▶ **WHAT YOU ARE ASKED TO DO**:
The data below should be transcribed in full, with no picture included.

▶ **SOURCE MATERIAL**:
--- START ---

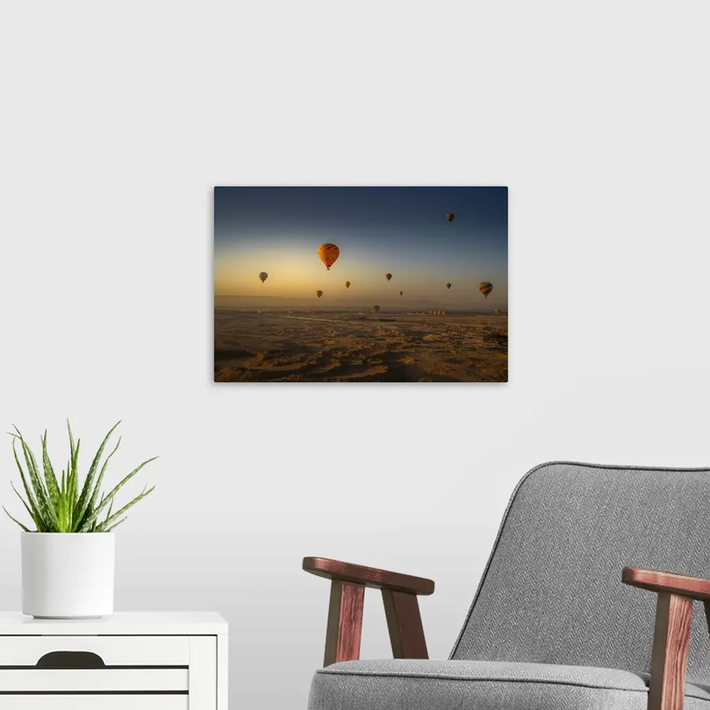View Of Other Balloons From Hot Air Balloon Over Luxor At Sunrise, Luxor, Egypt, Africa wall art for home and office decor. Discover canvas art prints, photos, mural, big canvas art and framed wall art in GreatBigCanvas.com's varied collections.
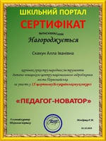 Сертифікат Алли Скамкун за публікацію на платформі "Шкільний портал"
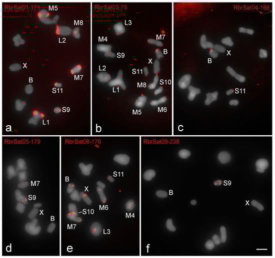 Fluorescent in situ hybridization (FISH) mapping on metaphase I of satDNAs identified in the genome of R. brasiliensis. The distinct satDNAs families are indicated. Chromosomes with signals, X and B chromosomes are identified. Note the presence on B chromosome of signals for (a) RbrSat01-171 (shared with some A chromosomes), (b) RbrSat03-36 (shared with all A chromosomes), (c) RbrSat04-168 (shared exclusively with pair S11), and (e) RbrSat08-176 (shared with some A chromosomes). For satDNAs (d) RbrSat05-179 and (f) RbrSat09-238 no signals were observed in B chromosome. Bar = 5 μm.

--- END ---

▶ **ANSWER SECTION**:
View Of Other Balloons From Hot Air Balloon Over Luxor At Sunrise, Luxor, Egypt, Africa wall art for home and office decor. Discover canvas art prints, photos, mural, big canvas art and framed wall art in GreatBigCanvas.com's varied collections.
 Сертифікат Алли Скамкун за публікацію на платформі "Шкільний портал"
 Fluorescent in situ hybridization (FISH) mapping on metaphase I of satDNAs identified in the genome of R. brasiliensis. The distinct satDNAs families are indicated. Chromosomes with signals, X and B chromosomes are identified. Note the presence on B chromosome of signals for (a) RbrSat01-171 (shared with some A chromosomes), (b) RbrSat03-36 (shared with all A chromosomes), (c) RbrSat04-168 (shared exclusively with pair S11), and (e) RbrSat08-176 (shared with some A chromosomes). For satDNAs (d) RbrSat05-179 and (f) RbrSat09-238 no signals were observed in B chromosome. Bar = 5 μm.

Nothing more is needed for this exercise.